First birthday is huge - for baby's parents. Possibly siblings and grandparents. No one else is likely to remember or be very excited, though nice people will show a polite interest.
I think the grandparents were foolish to convey the great grandmother's reaction to being prompted for a gift; of course it would upset you.
Everyone needs to calm down a bit.
Next time just invite whoever it is you want to share the celebration with for tea & cake. People always perk up around cake and it's nice to have others admire your baby.
I'd feel disappointed too but you can't make people be more involved than they want as it just makes them resentful as evidenced here. Did they remember? Did you remind them before the birthday?
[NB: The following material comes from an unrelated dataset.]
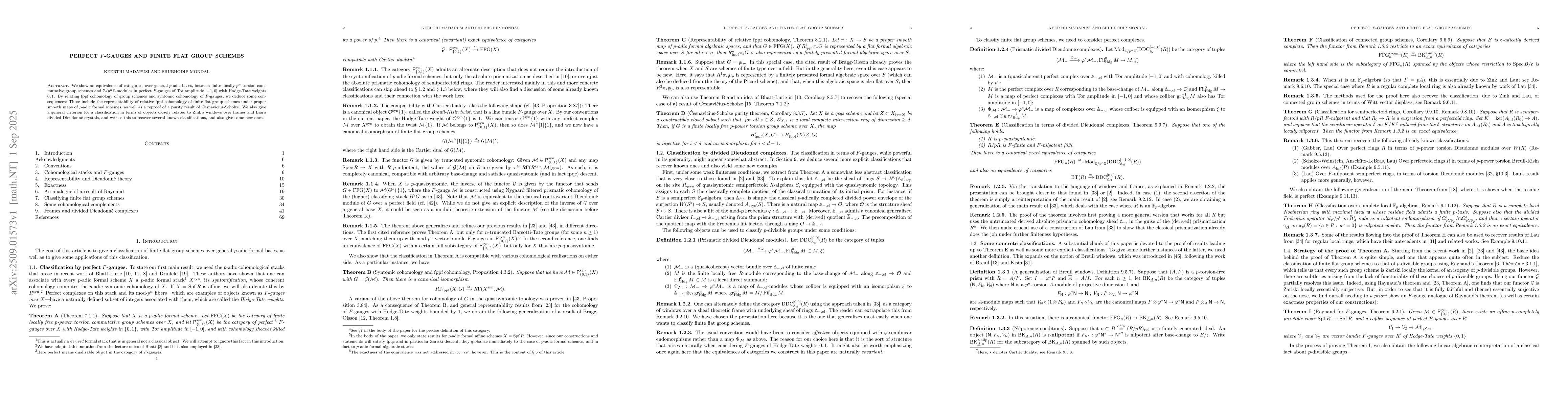 We show an equivalence of categories, over general $p$-adic bases, between finite locally $p^n$-torsion commutative group schemes and $\Int/p^n\Int$-modules in perfect $F$-gauges of Tor amplitude $[-1,0]$ with Hodge-Tate weights $0,1$. By relating fppf cohomology of group schemes and syntomic cohomology of $F$-gauges, we deduce some consequences: These include the representability of relative fppf cohomology of finite flat group schemes under proper smooth maps of $p$-adic formal schemes, as well as a reproof of a purity result of \v{C}esnavi\v{c}ius-Scholze. We also give a general criterion for a classification in terms of objects closely related to Zink's windows over frames and Lau's divided Dieudonn\'e crystals, and we use this to recover several known classifications, and also give some new ones.

I think you have to accept that this is their decision. cards and presents and involvement are not an entitlement in either direction.
You say DP's parents were annoyed too. They know them better. Can they shed light on any of it? Do you get on with them generally? What about your DP? Does he have a view?
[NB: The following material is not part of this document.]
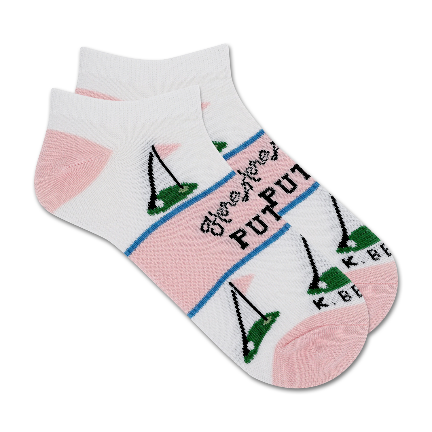 Do you golf? If so, completing your outfit with our stylish 'Here For The Putt' socks is a hole-in-one! Featuring a fun pattern of pink and blue golf clubs and balls on a white background, these ankle-length socks for women are sure to make a splash on the putting green. They'll also keep your feet cozy and dry while you're out making par. And remember, you can't putt if you don't show up. So grab a pair of these socks and get your best round going today!

Wow. You sent the stuff back? I have to wonder if there's more to this. You already have no contact with your side. The reason you give sounds more than understandable, but that's just your side if the story. You burst into tears and send presents/cards back? It sounds like you're a drama queen. And then you'll wonder why nobody bothers again.
Yes, I think YAB PFB (Big time).
But then again, I am from a family where people just wouldnt send cards etc to grandkids and wouldnt see it as a big deal.
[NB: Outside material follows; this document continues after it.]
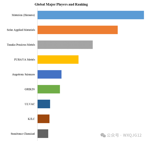 全球范围内高纯贵金属靶材生产商主要包括Materion (Heraeus)、Solar Applied Materials、Tanaka Precious Metals、FURAYA Metals、Angstrom Sciences、GRIKIN、ULVAC、KJLC、Sumitomo Chemical、等。2022年,全球前五大厂商占有大约43.8%的市场份额。目前,全球核心厂商主要分布在Materion、Solar Applied Materials等。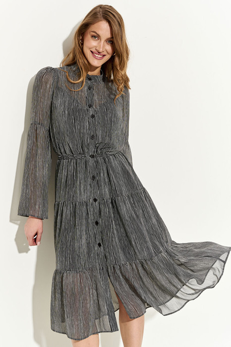 Платье женское полуприлегающего силуэта из шифона на подкладке. Перед платья с нагрудными вытачками; по линии талии вставлена резинка; юбка изделия украшена тремя воланами с небольшой сборкой; рукава втачные с аккуратной сборкой по окату и по отрезной части рукава. Верхняя часть платья имеет подкладку в виде топа на регулируемых бретелях, что обеспечивает комфортную посадку; нижняя часть подкладки - отлетная. Застежка-планка на петли и пуговицы. Платье полностью соответствует заявленному размеру. Пожалуйста, пользуйтесь таблицей замеров готового изделия, чтобы подобрать идеальный размер.

She's 1 she has no idea what a birthday is.
I think your being harsh they are great gp's not parents or gp's
Good grief. DS got presents from me, his aunt and one friend of mine for his first birthday. I never expected distant relatives or even friends, workmates or anyone else to remember it. Oh and a few facebook messages after I put some photos of him up eating cake. It's a first birthday. It honestly drives me crazy when people think that they need to throw a street parade for a first birthday that the child will never remember.
I would be a bit annoyed that relatives had ignored or forgotten my child's birthday but your reaction is completely OTT. In fact you sound like a spoiled child so maybe now you are a mother, you need to grow up.
If I was a relative of yours, you cutting me off would be a big relief.
Also Im a bit confused with all these great grand parents.
YABVU, she was one and wont even be aware it was her birthday. Sound like her parents, uncle and grandparents acknowledged it and thats plenty. When shes at school she will celebrate with het friends,
Returning a gift is simply rude just because it didnt meet your expectations. Luckily your dd is too young yet to pick up on those manners.
OTOH If I didn't like my grandson's partner (no idea whether they do or not) I would still get the DC a card and present if I could afford it.
I think you've been very rude and silly.
I do think you have overreacted but I can see where you are coming from . In effect this is all the family you have after obviously feeling let down in the past by your own family and now they have also let you down . If I were you I'd ring the great nan and apologise for overreacting ,then I'd move on .
Is it the heat or am I thick? I don't understand how your dd has a 'great' grandmother who is early 60's. Is that even possible? I suppose it is if you all had children at 15 but really??
I think that your issues with your own family may have, understandably, made you more sensitive to this.
Not all extended families send cards or presents or make a big deal of birthdays. It's not a measure of their love/care for your baby. It's more likely that they'll buy presents and come to parties when she's old enough to understand that it's her birthday.
It must have been hard for you to have her first birthday when estranged from your family. Events like that have a way of underlining absence. Given your reasons for cutting contact with your relations, it must bring up a lot of anger and sadness.